I'm not sure I understand. Regardless of the question about what source .bbi_nonmem_model() should give precedence to, why not add back a .bbi_model() method that returns the path from the config if it exists? That'd avoid breaking Stan models in bbr.bayes, and would work for any other model types in the future that generate a bbi_config.json with a data path.


At a high level, here are the open questions I see at this point:

kyleam commented 4 months ago

Hopefully drone doesnt fail again, but FYI it failed three times in a row [...]

Thanks for posting the details here. Based on the output, it was a network issue. We try to skip tests that hit the GitHub API if we're over the rate limit, but it looks like the URL that we use to check that was down/unresponsive.

So, as you say, unrelated to the changes here.

seth127 commented 4 months ago

@kyleam @barrettk thanks for all of the discussion here. This issue turned out to be a bit more complex than I expected...

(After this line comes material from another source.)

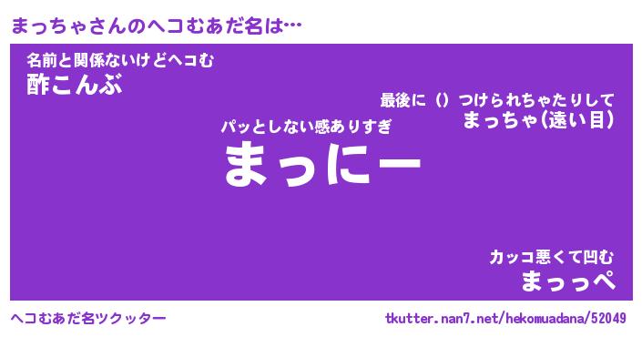 | 意味不明あだ名 | 『ペロリンまっちゃ』『永久保存まっちゃ』 |

I looked through the comments and code, and had some offline discussion with @barrettk, and I want to document my current thinking here. Hopefully we can agree on a path forward based on this.

Keep current get_data_path.bbi_model behavior

I like this suggestion of yours above. Essentially, get_data_path.bbi_model gains a .check_exists = TRUE argument, but otherwise stays the same (continues to use the bbi_config.json).

This will hopefully make extending this method (e.g. in bbr.bayes) simpler and more reliable going forward.

NONMEM-specific method

This leaves open the question of what the more specific NONMEM method(s) (get_data_path.bbi_nonmem_model and get_data_path.bbi_nonmem_summary) should do.

Checking paths in ctl vs json

After going through this a bit, I've come back around to my original thought that, for NONMEM models that have been run, we should check for a data path in both the control stream and the bbi_config.json and warn the user if they don't match.

Expanding on this a bit, these are the possibile scenarios I see:

  1. model hasn't been run --> I propose we pull the path from the ctl
  2. model has been run, and data path is the same in both ctl and config --> In this case it doesn't matter which we prefer
  3. model has been run, and data paths don't match --> we could either... a. pull from config (and don't check ctl) b. pull from the ctl (and don't check config) c. check whether they match

The key cases are under number 3, and I can see a few different non-ideal things happening in either 3a or 3b. I can give more detail on these, if you'd like. They mostly boil down to a user loading a data set that isn't what they think it is (and receiving no friction or warning in doing so).

This leads me to prefer 3c, and I don't really see a down-side, other than some mild complexity in the code path.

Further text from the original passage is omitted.